# Task statement
Restate word for word the lines of the listing below, from its first line through the line with "Лаунж кресло Talaia", without the pictures.

# Given data

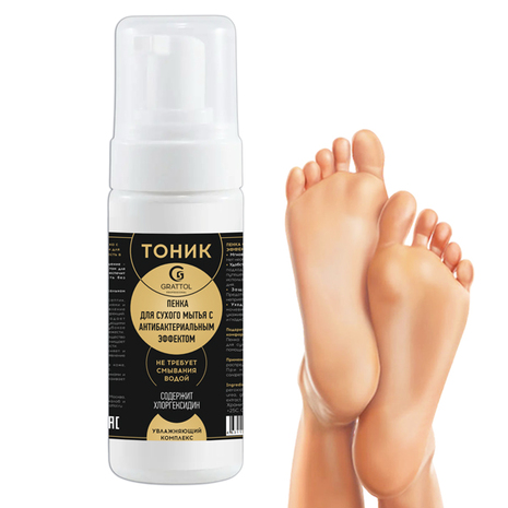Тоник пенка для сухого мытья ног Grattol Antibacterial, 160мл
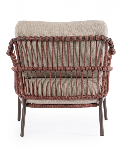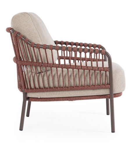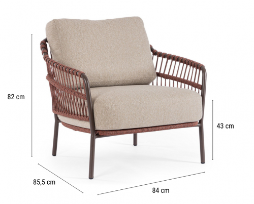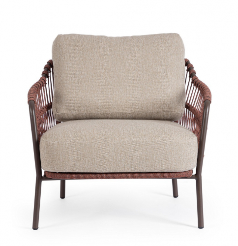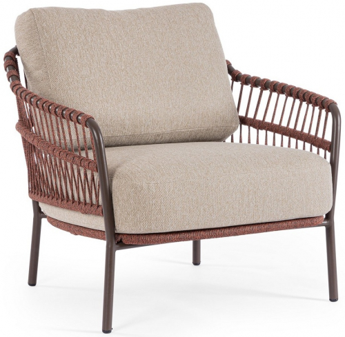 Лаунж кресло Talaia - это современный предмет мебели интересной формы и цвета, благодаря которому он оживит любое пространство, в котором находится. Кресло привлекает внимание и станет прекрасным дополнением гостиной зоны на открытом пространстве. Оно изготовлено из стали и имеет мягкие подушки на сиденье и спинке. Подлокотники и продуманная конструкция гарантируют комфорт во время использования. Плетеный корпус придает креслу удивительный характер. Ножки обеспечивают хорошую устойчивость.
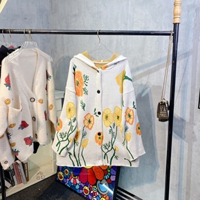 现货春暖花开2021秋冬新款复古花朵刺绣长袖针织开...
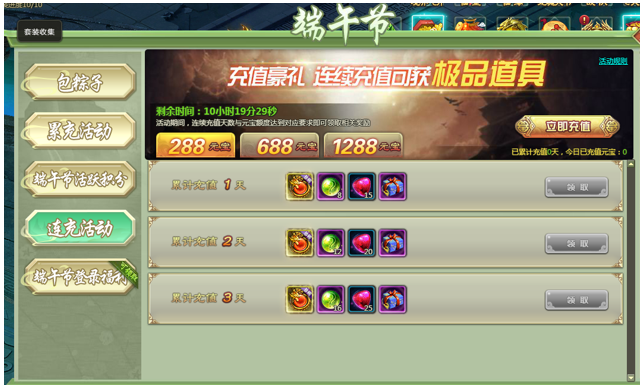 活动规则:活动期间,玩家每天累计充值达到一定额度即可领取奖励。连续多天充值达到一定额度,可以领取超值奖励。
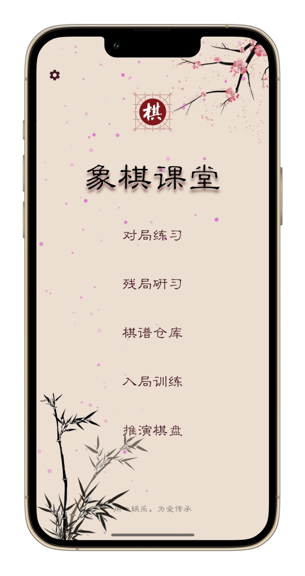 進入後,有幾個功能,分別是對戰(和電腦、別人都可以)、殘局解題、棋譜、入局訓練及沙盤推演功能。
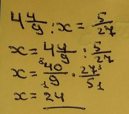 x=40/9÷5/27=40/9×27/5=(40×27)/(9×5)=(8×3)/(1×1)=24/1=24
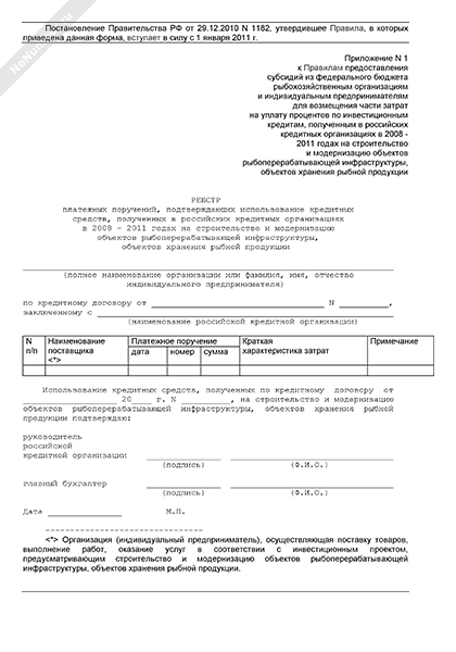 - Источник– Постановление Правительства РФ от 29.12.2010 № 1182
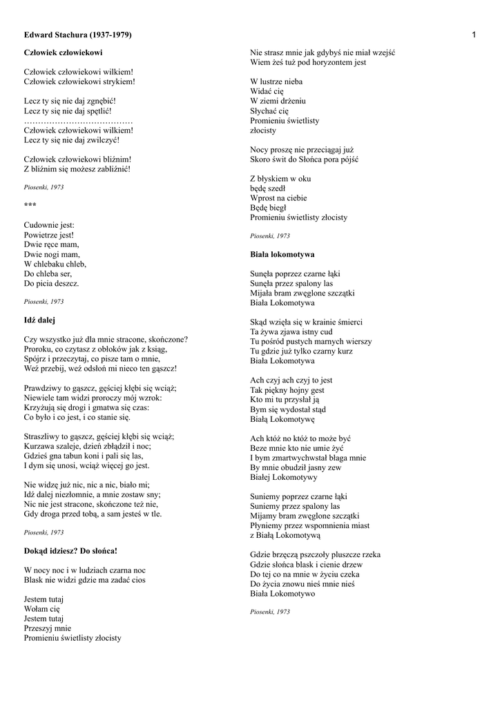 1 Edward Stachura (1937-1979) Człowiek człowiekowi Człowiek człowiekowi wilkiem! Człowiek człowiekowi strykiem! Lecz ty się nie daj zgnębić! Lecz ty się nie daj spętlić! ………………………………… Człowiek człowiekowi wilkiem! Lecz ty się nie daj zwilczyć! Człowiek człowiekowi bliźnim! Z bliźnim się możesz zabliźnić! Piosenki, 1973 *** Cudownie jest: Powietrze jest! Dwie ręce mam, Dwie nogi mam, W chlebaku chleb, Do chleba ser, Do picia deszcz. Piosenki, 1973 Idź dalej Czy wszystko już dla mnie stracone, skończone? Proroku, co czytasz z obłoków jak z ksiąg, Spójrz i przeczytaj, co pisze tam o mnie, Weź przebij, weź odsłoń mi nieco ten gąszcz! Prawdziwy to gąszcz, gęściej kłębi się wciąż; Niewiele tam widzi proroczy mój wzrok: Krzyżują się drogi i gmatwa się czas: Co było i co jest, i co stanie się. Straszliwy to gąszcz, gęściej kłębi się wciąż; Kurzawa szaleje, dzień zbłądził i noc; Gdzieś gna tabun koni i pali się las, I dym się unosi, wciąż więcej go jest. Nie widzę już nic, nic a nic, biało mi; Idź dalej niezłomnie, a mnie zostaw sny; Nic nie jest stracone, skończone też nie, Gdy droga przed tobą, a sam jesteś w tle. Piosenki, 1973 Dokąd idziesz? Do słońca! W nocy noc i w ludziach czarna noc Blask nie widzi gdzie ma zadać cios Jestem tutaj Wołam cię Jestem tutaj Przeszyj mnie Promieniu świetlisty złocisty Nie strasz mnie jak gdybyś nie miał wzejść Wiem żeś tuż pod horyzontem jest W lustrze nieba Widać cię W ziemi drżeniu Słychać cię Promieniu świetlisty złocisty Nocy proszę nie przeciągaj już Skoro świt do Słońca pora pójść Z błyskiem w oku będę szedł Wprost na ciebie Będę biegł Promieniu świetlisty złocisty Piosenki, 1973 Biała lokomotywa Sunęła poprzez czarne łąki Sunęła przez spalony las Mijała bram zwęglone szczątki Biała Lokomotywa Skąd wzięła się w krainie śmierci Ta żywa zjawa istny cud Tu pośród pustych marnych wierszy Tu gdzie już tylko czarny kurz Biała Lokomotywa Ach czyj ach czyj to jest Tak piękny hojny gest Kto mi tu przysłał ją Bym się wydostał stąd Białą Lokomotywę Ach któż no któż to może być Beze mnie kto nie umie żyć I bym zmartwychwstał błaga mnie By mnie obudził jasny zew Białej Lokomotywy Suniemy poprzez czarne łąki Suniemy przez spalony las Mijamy bram zwęglone szczątki Płyniemy przez wspomnienia miast z Białą Lokomotywą Gdzie brzęczą pszczoły pluszcze rzeka Gdzie słońca blask i cienie drzew Do tej co na mnie w życiu czeka Do życia znowu nieś mnie nieś Biała Lokomotywo Piosenki, 1973 2 Edward Stachura (1937-1979) Gloria Prefacja Chwała najsampierw komu Komu gloria na wysokościach Zaprawdę godnym i sprawiedliwym Słusznym i zbawiennym jest Śmieć się głośno Płakać cicho Deszcz ustaje sady kwitną I tego trzymać się trzeba Chwała najsampierw tobie Trawo przychylna każdemu Kraino na dół od Edenu Gloria! Gloria! Chwała teraz tobie, słońce Odyńcu ty samotny Co wstajesz rano z trzęsawisk nocnych I w górę bieżysz, w niebo sam się wzbijasz I chmury czarne białym kłem przebijasz I to wszystko bezkrwawo – brawo, brawo I to wszystko złociście, i nikogo nie boli Gloria! Gloria! Gloria in excelsis soli! Z słońcem pochwalonym teraz pędźmy razem Na nim, na odyńcu, galopujmy dalej Chwała teraz tobie, wietrze Wieczny młodziku Sieroto świata, ulubieńcze losu Od złego ratuj i kąkoli w zbożu Łagodnie kołysz tych co są na morzu Gloria! Gloria! Gloria in excelsis soli! Z wiatrem pochwalonym teraz pędźmy społem Na nim, na koniku, galopujmy polem Chwała wam ptaszki śpiewające Chwała wam ryby pluskające Chwała wam zające na łące Zakochane w biedronce Chwała wam: zimy wiosny lata i jesienie Chwała temu co bez gniewu idzie Poprzez śniegi deszcze blaski oraz cienie W piersi pod koszulą – całe jego mienie Gloria! Gloria! Gloria! Z cyklu (poematu): Missa pagana, 1978 Komunia I jeżeli spontaniczna to rzecz I jeżeli oczywista to rzecz I jeżeli naturalna to rzecz Weź To co się tu daje W imię słońca I jego gońca: Skowronka gwiżdżącego, amen Z cyklu (poematu): Missa pagana, 1978 Zaprawdę godnym i sprawiedliwym Słusznym i zbawiennym jest Iść i padać Z-padłych-wstawać Przeszła wojna Wstaje trawa I tego trzymać się trzeba Zaprawdę godnym i sprawiedliwym Słusznym i zbawiennym jest Śledzić gwiazdy Grać na skrzypcach Astronomia I muzyka I tego trzymać się trzeba Zaprawdę godnym i sprawiedliwym Słusznym i zbawiennym jest Być uważnym Pełnym pasji Dobra wasza Gwiżdżą ptaki I tego trzymać się trzeba Zaprawdę godnym i sprawiedliwym Słusznym i zbawiennym jest Żeby człowiek w życiu onym Sprawiedliwym Był i godnym Żeby człowiek Był człowiekiem Lecą liście Szumi w lesie Wiatr z obłoków Warkocz plecie I tego trzymać się trzeba Z cyklu (poematu): Missa pagana, 1978
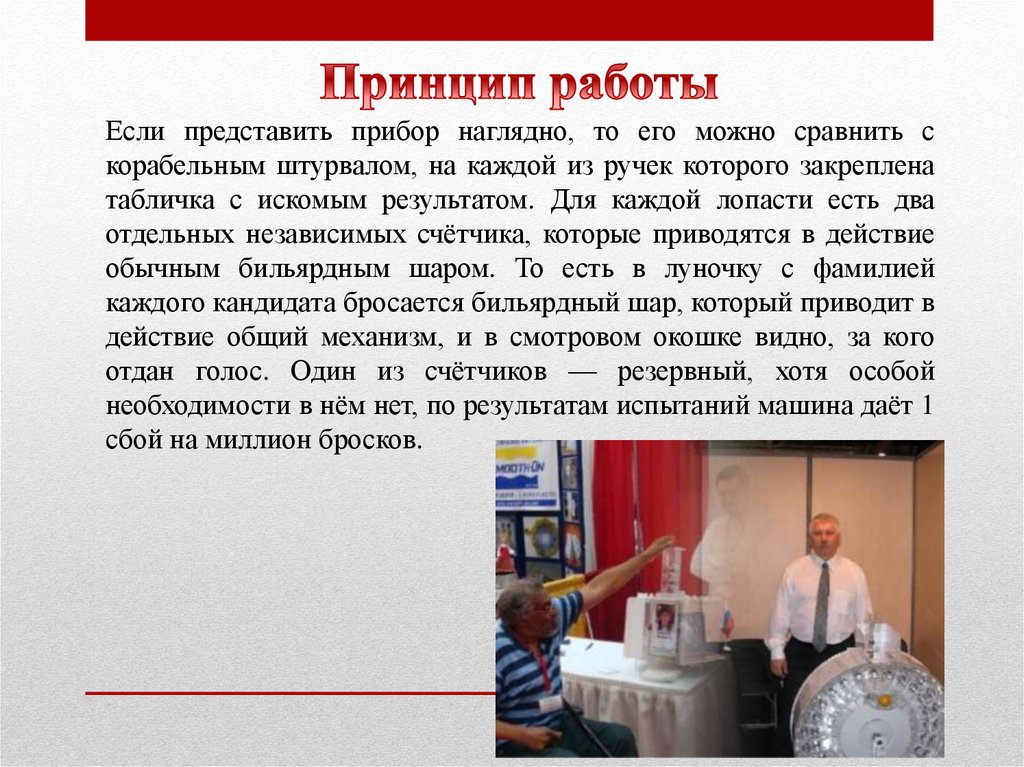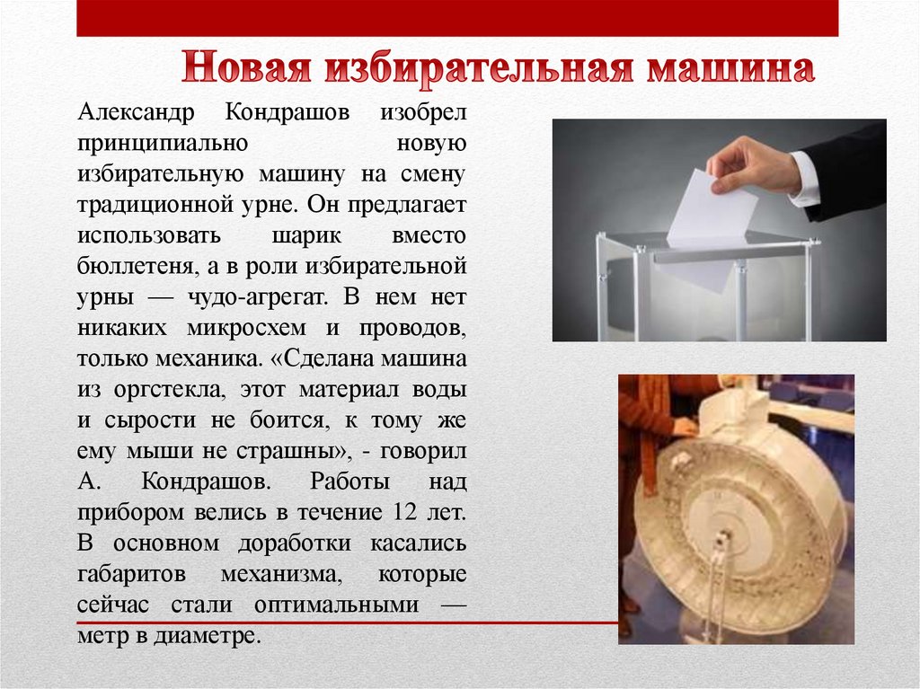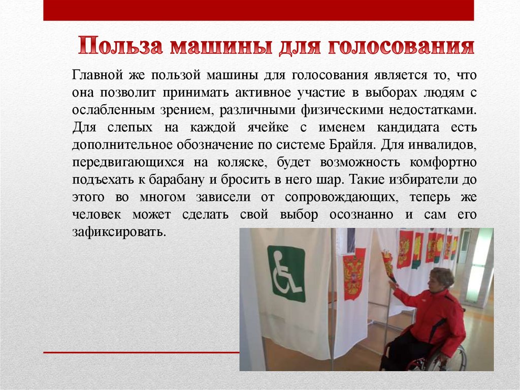 Главной же пользой машины для голосования является то, чтоона позволит принимать активное участие в выборах людям с
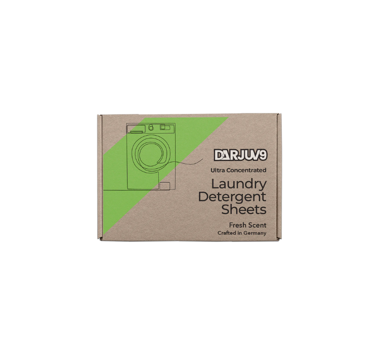 Darjuv9 Laundry Detergent Sheets are eco-friendly, pre-measured sheets designed to simplify laundry by effectively removing tough stains without the use of liquid detergents. Each box contains 30 sheets.
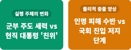 - 실행의 주체: 과거에는 군부가 주도했으나, 이번에는 현직 대통령이 직접 주도한 '친위 쿠데타'적 성격이 강합니다.
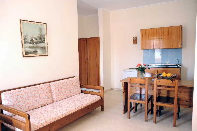 Dit aparthotel ligt direct aan het strand, centraal in Kato Stalos..
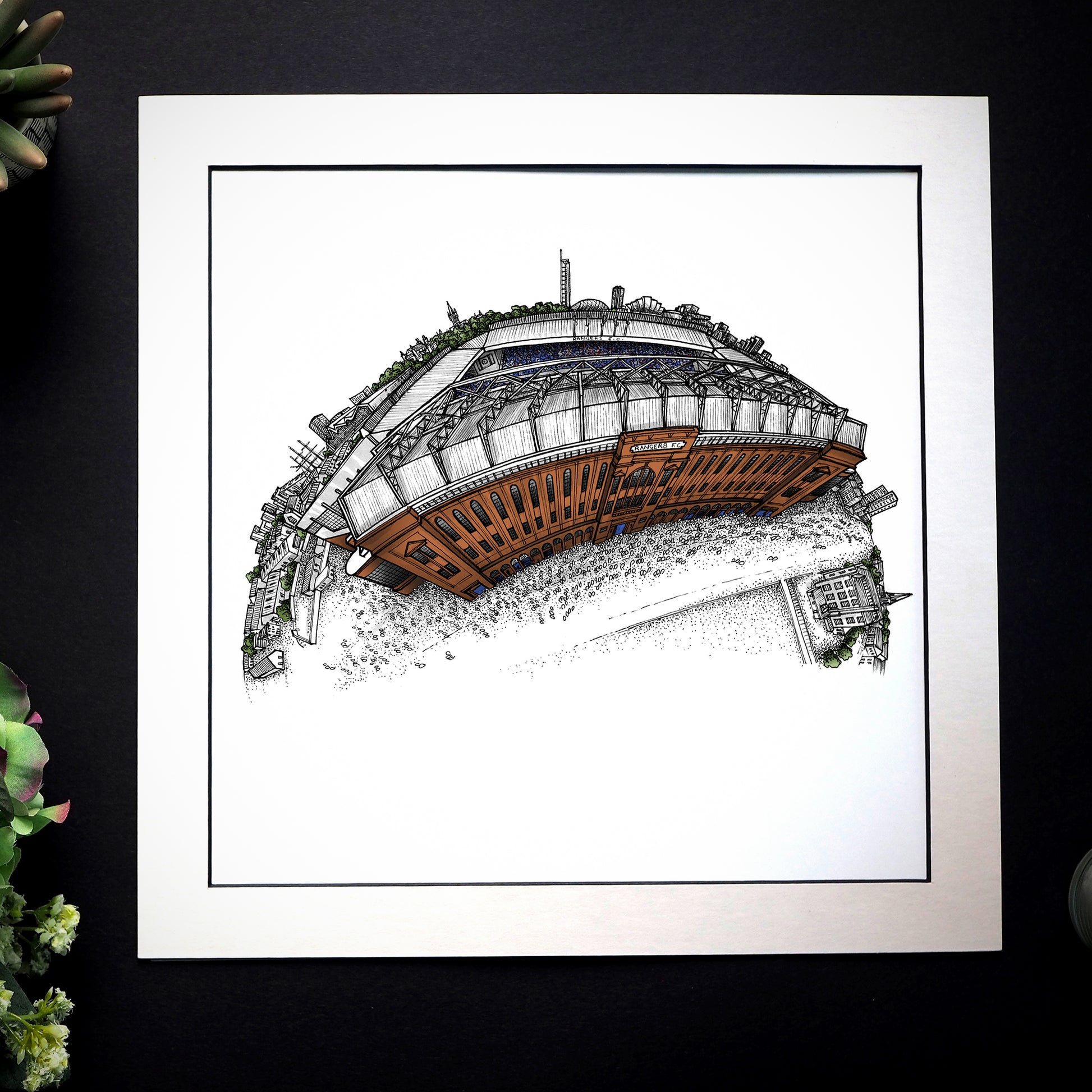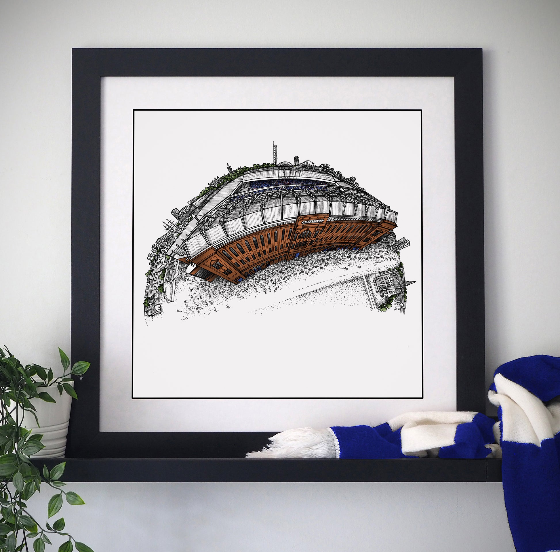 This visually stunning print offers an unusual perspective of Ibrox Stadium and the Glasgow cityscape.

# Response area
Тоник пенка для сухого мытья ног Grattol Antibacterial, 160мл
 Лаунж кресло Talaia - это современный предмет мебели интересной формы и цвета, благодаря которому он оживит любое пространство, в котором находится. Кресло привлекает внимание и станет прекрасным дополнением гостиной зоны на открытом пространстве. Оно изготовлено из стали и имеет мягкие подушки на сиденье и спинке. Подлокотники и продуманная конструкция гарантируют комфорт во время использования. Плетеный корпус придает креслу удивительный характер. Ножки обеспечивают хорошую устойчивость.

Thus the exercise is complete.